Donc. *Del todo* = *tout à fait* et avec *no*, *pas tout à fait* !
Ca à le mérite d'être compréhensible pour mon humble niveau. 
Je te remercie "en toda el alma"
O te lo agradezco en toda en alma.
Y gracias a todos por su indulgencia ¡y ademas paciencia !
Amistosamente.
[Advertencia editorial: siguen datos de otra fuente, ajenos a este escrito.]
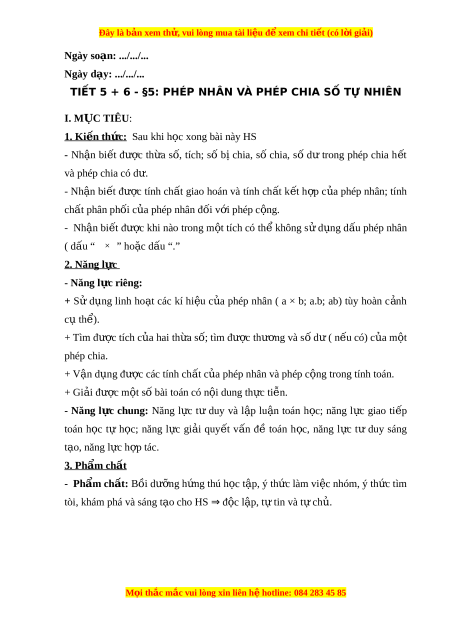 TIẾT 5 + 6 - §5: PHÉP NHÂN VÀ PHÉP CHIA SỐ TỰ NHIÊN I. M C Ụ TIÊU: 1. Ki n t ế h c

RXKLD


----------



## Cintia&Martine

Buenas tardes, bonjour,

- du tout = en absoluto => para nada
Ej.
- Tu as aimé ce film / Ça vous dérange que je fume ? Du tout => Para nada !

Au revoir, hasta luego


----------



## rxkld

Cintia&Martine said:


> Buenas tardes, bonjour,
> 
> - du tout = en absoluto => para nada
> Ej.
> - Tu as aimé ce film / Ça vous dérange que je fume ? Du tout => Para nada !
> 
> Au revoir, hasta luego



Hola Cintia ou Martine (je ne sais jamais si je dois m'adresser à l'une ou à l'autre, ou à toutes les deux)  

Au sujet de "para nada", je suppose que ça dépend du contexte ? Car dans la chanson de Rosana  "Para nada"  veut bien dire "pour rien" !?

Extrait; 

¿Para qué ?..para Nada¿Para qué?  ¿para qué?...para nada

¿Para qué andar descalza sin rumbo?
¿Para qué izar las velas del mundo?
¿Para qué?  Para nada

Hasta luego


----------



## Cintia&Martine

Buenas tardes, bonjour,


rxkld said:


> Au sujet de "para nada", je suppose que ça dépend du contexte ? Car dans la chanson de Rosana  "Para nada"  veut bien dire "pour rien" !?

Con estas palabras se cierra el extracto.